# [Task directions]
Each line in the data must be reproduced as written, except for any picture.
Dataset excerpt Start Marker
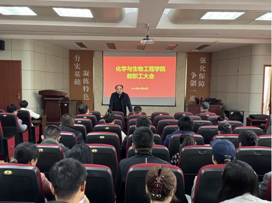 在报告厅组织召开全体教职工会议。会议由学院党委书记窦存增主持,学院全体教职工参加了会议。
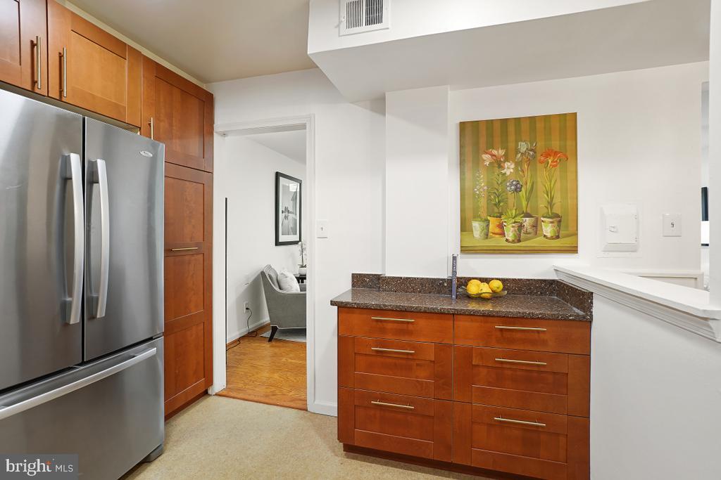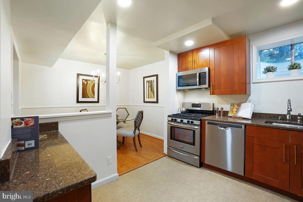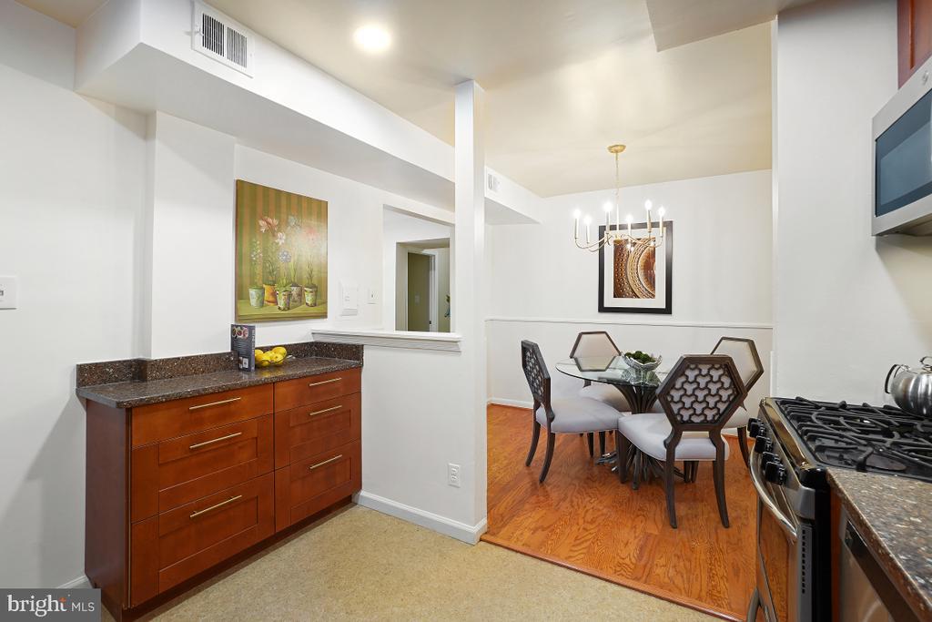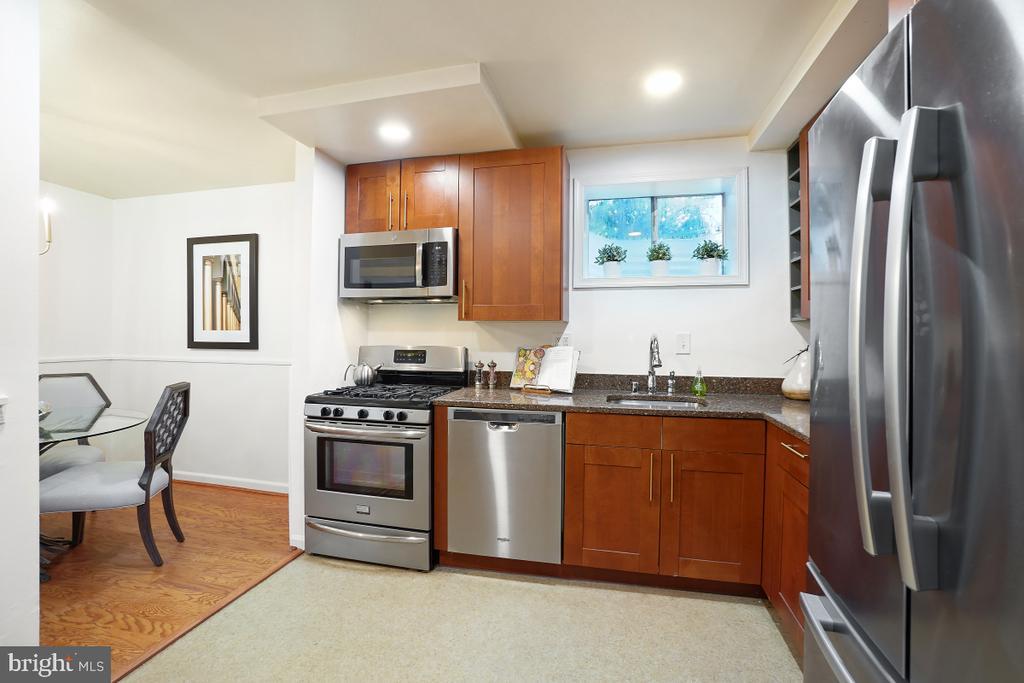$20,000 Price Improvement and Silver Spring was just named among Travel + Leisure's "Best Places to Live on the East Coast."! Nestled in a serene, tree-lined corner of Woodside Village, this delightful and enormous two-bedroom, two-bath garden condo offers over 1,218 square feet of stylish living space. Upon arrival, you’ll be welcomed by a spacious double patio, perfect for enjoying morning coffee or unwinding with an evening glass of wine. Inside, natural light pours in through a stunning wall of windows, illuminating the freshly painted interior and gleaming wood floors throughout, as well as the brand-new recessed lighting and fixtures! The fully updated kitchen is a true showstopper, featuring luxurious granite countertops, sleek stainless steel appliances, and custom cabinetry highlighted by a practical pull-out custom pantry. The expansive primary bedroom suite easily fits a king-sized bed, and boasts a large ensuite bath with dressing area featuring custom closet organizers with a stylish granite vanity with dual sinks, chrome pivot mirrors and a separate glass-enclosed shower. A generous second bedroom and hall bathroom add extra comfort. The laundry room provides ample storage space and includes a washer/dryer for added convenience. This unit also comes with an additional separate storage unit! With LOW CONDO FEES, you'll love the easy commute! - Just minutes from both Silver Spring and Forest Glen Metro stations and conveniently located near the DC line! Don't miss your chance to see this beauty!
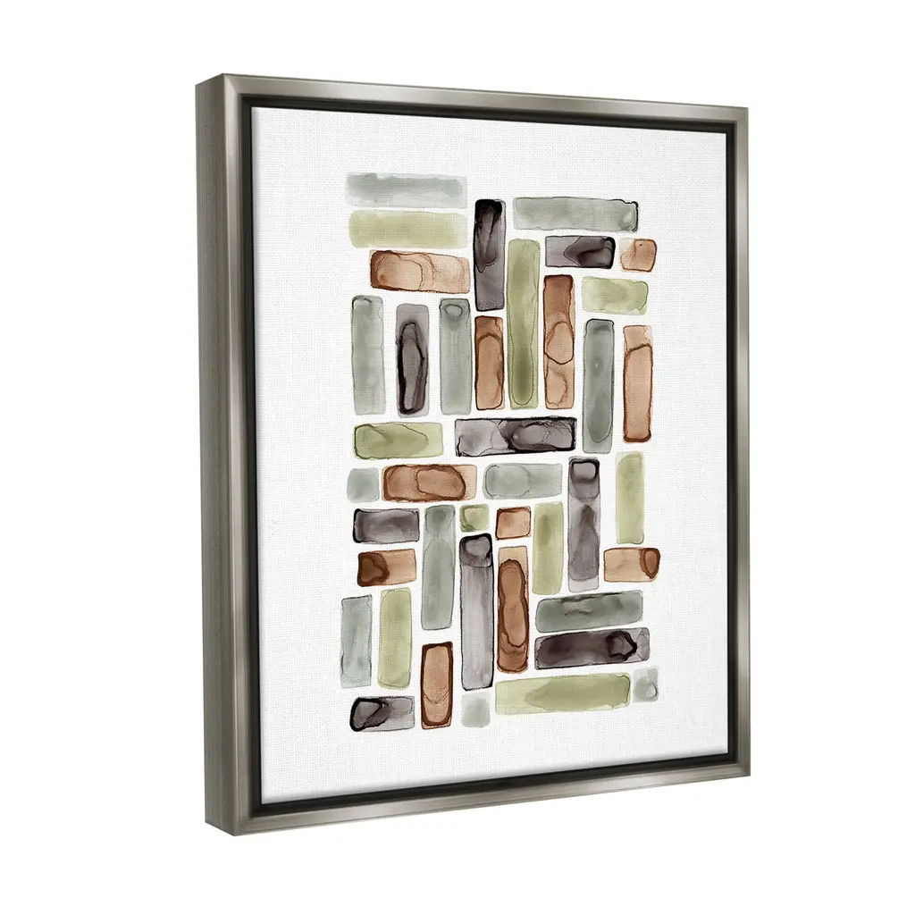 Elevate your home or office to the next level with Stupell Framed Floating Canvas Wall Art. Our premium hand-stretched canvas is mounted securely into a sturdy lightweight frame. The museum-style gap between the wrapped canvas and the box frame gives the illusion of floating artwork. Stupell Wall Art is made in the USA.Features: Dimensions: 17 x 1.7 x 21 Frame, 16 x 1.5 x 20 Canvas ArtFloating Frame Canvas Products are available in sizes 17"x21" and 25"x31". All Floating Frame Canvas Products have a 1.7" Depth.Wall Art is Ready to Hang with Hardware Free Hanging. No Installation required. For Easy Set Up Lean or Layer Artwork on Shelf or Against Wall. Artwork is Permently Fixed into the Frame.Our elevated 1.7" Thick Floating Frame is the perfect complement to our canvas style Wall Art. We use only the highest quality inks in house with industry leading printing solutions. Canvas is hand stretched over a durable wood foundation and then mounted securly into a Modern Box Frame. Made in the USA.Artwork Relates To: Abstract, Modern, Contemporary, Neutral, Geometric, ShapesDesign by Lisa Nohren
Dataset excerpt End Marker
# [Exercise answer]
 在报告厅组织召开全体教职工会议。会议由学院党委书记窦存增主持,学院全体教职工参加了会议。
$20,000 Price Improvement and Silver Spring was just named among Travel + Leisure's "Best Places to Live on the East Coast."! Nestled in a serene, tree-lined corner of Woodside Village, this delightful and enormous two-bedroom, two-bath garden condo offers over 1,218 square feet of stylish living space. Upon arrival, you’ll be welcomed by a spacious double patio, perfect for enjoying morning coffee or unwinding with an evening glass of wine. Inside, natural light pours in through a stunning wall of windows, illuminating the freshly painted interior and gleaming wood floors throughout, as well as the brand-new recessed lighting and fixtures! The fully updated kitchen is a true showstopper, featuring luxurious granite countertops, sleek stainless steel appliances, and custom cabinetry highlighted by a practical pull-out custom pantry. The expansive primary bedroom suite easily fits a king-sized bed, and boasts a large ensuite bath with dressing area featuring custom closet organizers with a stylish granite vanity with dual sinks, chrome pivot mirrors and a separate glass-enclosed shower. A generous second bedroom and hall bathroom add extra comfort. The laundry room provides ample storage space and includes a washer/dryer for added convenience. This unit also comes with an additional separate storage unit! With LOW CONDO FEES, you'll love the easy commute! - Just minutes from both Silver Spring and Forest Glen Metro stations and conveniently located near the DC line! Don't miss your chance to see this beauty!
 Elevate your home or office to the next level with Stupell Framed Floating Canvas Wall Art. Our premium hand-stretched canvas is mounted securely into a sturdy lightweight frame. The museum-style gap between the wrapped canvas and the box frame gives the illusion of floating artwork. Stupell Wall Art is made in the USA.Features: Dimensions: 17 x 1.7 x 21 Frame, 16 x 1.5 x 20 Canvas ArtFloating Frame Canvas Products are available in sizes 17"x21" and 25"x31". All Floating Frame Canvas Products have a 1.7" Depth.Wall Art is Ready to Hang with Hardware Free Hanging. No Installation required. For Easy Set Up Lean or Layer Artwork on Shelf or Against Wall. Artwork is Permently Fixed into the Frame.Our elevated 1.7" Thick Floating Frame is the perfect complement to our canvas style Wall Art. We use only the highest quality inks in house with industry leading printing solutions. Canvas is hand stretched over a durable wood foundation and then mounted securly into a Modern Box Frame. Made in the USA.Artwork Relates To: Abstract, Modern, Contemporary, Neutral, Geometric, ShapesDesign by Lisa Nohren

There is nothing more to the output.